Journalist Adele Ferguson, who successfully defended herself against attempts by mining mogul Gina Rinehart to force her to reveal her sources. Image: Melbourne Press Club

Tuesday, March 18, 2014

Item: 8516

Perth (MEAA / Pacific Media Watch / Sydney Morning Herald): The Australian government is coming under increased pressure to enact uniform shield laws across the country to protect journalists and their confidential sources, after a journalist won a legal battle against the world's fourth richest woman.

Earlier in the week, Australian mining and publishing mogul Gina Rinehart, who is worth over AUS $17 billion, lost her bid to force journalist Adele Ferguson to reveal her confidential sources, with Rinehart's mining company Hancock Prospecting ordered by the Western Australian Supreme Court to pay all court costs.

Rinehart brought the case against Ferguson after becoming angered at Ferguson's reporting on a Rinehart family feud over a $5 billion family trust. Rinehart was managing the trust for her four children when three of them instituted court action against her in a bid to remove her as a trustee.

Rinehart then subpoenaed Ferguson, demanding all confidential source documents related to the story.

In a twist to the story, Rinehart is also the biggest shareholder in Fairfax Media which owns the Sydney Morning Herald, making her Ferguson's employer. Ferguson is also the author of the unauthorised biography of Rinehart: Gina Rinehart, The Untold Story of the World's Richest Woman. Rinehart is currently the world's fourth richest woman, having slid in the ratings since the biography was written.

Subpoenas dismissed
While the subpoenas were dismissed last year after Western Australia enacted shield laws protecting journalists' sources, Rinehart asked the court to rule that the shield laws "did not apply to subpoenas issued before the new rules came into effect in late 2012", the Sydney Morning Herald reported. But Justice Janine Pritchard dismissed her application and ruled that the shield laws still applied.

Had Pritchard ruled in favour of Rinehart, Ferguson could have faced criminal convictions, fines and/or jail terms for maintaining her ethical responsibility to protect the confidentiality of sources.

The Media Entertainment Arts Alliance journalists' union said the court had made a welcome ruling that journalists should not be forced to reveal details of their confidential sources but this ruling needed to be "properly enshrined in law".

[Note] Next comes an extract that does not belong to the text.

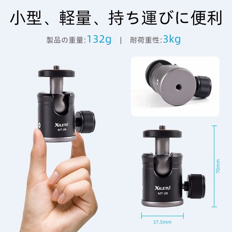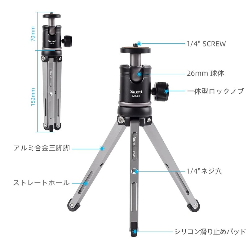 - Product basic information: Brand: XILETU; Product model number: XT15+MT26; Material: Aluminum alloy; Product net weight: 285g; Load capacity: 3KG; Storage length: 22.2cm; Interface screw size: 1/4"

Meaa federal secretary Chris Warren called for "uniform national shield laws" that would be applied across the whole of Australia to prevent people like Rinehart from being able to haul journalists before the courts in one state but not in others.

He pointed out that the Western Australian shield laws still require journalists to reveal their sources to judges who may then decide if the source should be shielded or outed. Since journalists are ethically unable to comply with any court order that they reveal their sources, they can still be found in contempt of court in Western Australia for protecting sources.

Reporters without Borders said yesterday that they supported the introduction of uniform shield laws to be introduced across Australia.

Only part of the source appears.